Commitment = Investment + (Rewards – Costs) – Attractive Alternatives

Psychologist Caryl Rusbult published the investment model of love. In the equation, investment refers to what you have already invested in the relationship. How many years have you been together? How strong is the ecosystem that you have built around the relationship?

Rewards minus costs equate to how much you get from the relationship. Fewer costs and more rewards, the better. Commitment is also adversely related to the availability of attractive alternatives. If you have other desirable options, you won’t put up with his forgetfulness, excuses, or lies, now will you?

My personal belief is that investment and attractive alternatives remain part of the equation only when we fear that there is no one else out there for us, that we don’t deserve more than what we are getting now.

Maybe there’s also a certain threshold for rewards net of costs, and when a relationship goes below this threshold, we don’t really care if we’ve been going out with them for two decades. We finally realize that we don’t have to move from one relationship to the next; we know in our bones that we have more peace alone than in the relationship.

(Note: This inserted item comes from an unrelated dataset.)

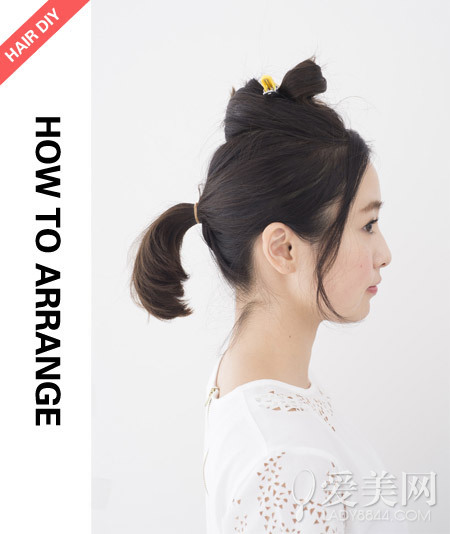 step2:留出頭頂的頭發(fā)將腦后的頭發(fā)綁成馬尾。

So, to be a good lover, you need to ensure rewards are always more than costs. How much more? Relationship experts recommend at least five or more positive interactions with your partner for every negative interaction. This should keep the commitment on a high.

But if the negative interaction is more serious and violates a core need in your partner, then it no longer becomes a simple numbers game. You can try upping the rewards more, but the rewards will have to negate the impact of the cost and more.

Regardless of whether you’re single, looking to date, or in a marriage that can be better, these psychology principles can help you better understand your date or partner and look at differences more objectively.

Most of the time, our differences are not caused by intentional actions to hurt the other. They are mostly due to wounds we carry from our past that we don’t even know of.